In March 1969, the Japanese SP (Space Design) magazine published the article Capsule Declaration by Japanese architect Kisho Kurosawa, one of the founders of the Metabolist Movement. Eighty years later, the article was reprinted and included in Korosawa’s book Metabolism in Architecture.
Capsule Declaration is structured in eight articles for a radical transformation of society and architecture: Art 1: “The capsule is cy-borg architecture.” Art 2: “A capsule is a dwelling of Homo movens.” Art 3: “The capsule suggests a diversified society.” Art 4: “The capsule is intended to institute an entirely new family system centred on individuals”. Art 5: “The true home for capsule dwellers, where they feel they belong and where they satisfy their inner, spiritual requirements, will be the metapolis”. Art 6: “The capsule is a feedback mechanism in an information-oriented, a technetronic, society”. Art 7: “The capsule is the ultimate form of a prefabricated building – an industrialised building”. Art 8: “The capsule mentality is opposed to uniformity and systematic thinking”.
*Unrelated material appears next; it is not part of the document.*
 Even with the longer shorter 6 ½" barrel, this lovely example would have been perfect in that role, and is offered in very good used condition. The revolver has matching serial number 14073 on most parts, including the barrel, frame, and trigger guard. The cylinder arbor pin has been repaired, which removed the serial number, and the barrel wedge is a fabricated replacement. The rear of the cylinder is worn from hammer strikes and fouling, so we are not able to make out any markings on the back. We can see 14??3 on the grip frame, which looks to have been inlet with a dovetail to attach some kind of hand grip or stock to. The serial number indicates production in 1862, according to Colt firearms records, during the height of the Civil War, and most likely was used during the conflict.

(…) In Kurokawa’s text, the idea of a capsule, even if in dialogue with similar propositions with Buckminster Fuller, Archigram and Raimund Abraham, among others, acquires new dimensions. The capsule is a “cyborg architecture”, a symbiotic structure of mutually dependent elements – man, machine and space. As such, it is a “device which has become a living space itself”, and without which humans cannot hope to live. Reflecting the sensibility that pervaded the 1960s – and rooted in the impact caused by the publication of the first images of Earth taken from outer space, as well as the haunting memories of the Hiroshima Bomb – the environment is portrayed as a home that neither offers comfort nor haven, a body to be preserves and yet, that could become a threat to human survival. This hostile environment, where only technology would ensure human survival, maximising bodies and forging their identity, is the habitat of the Homo movens.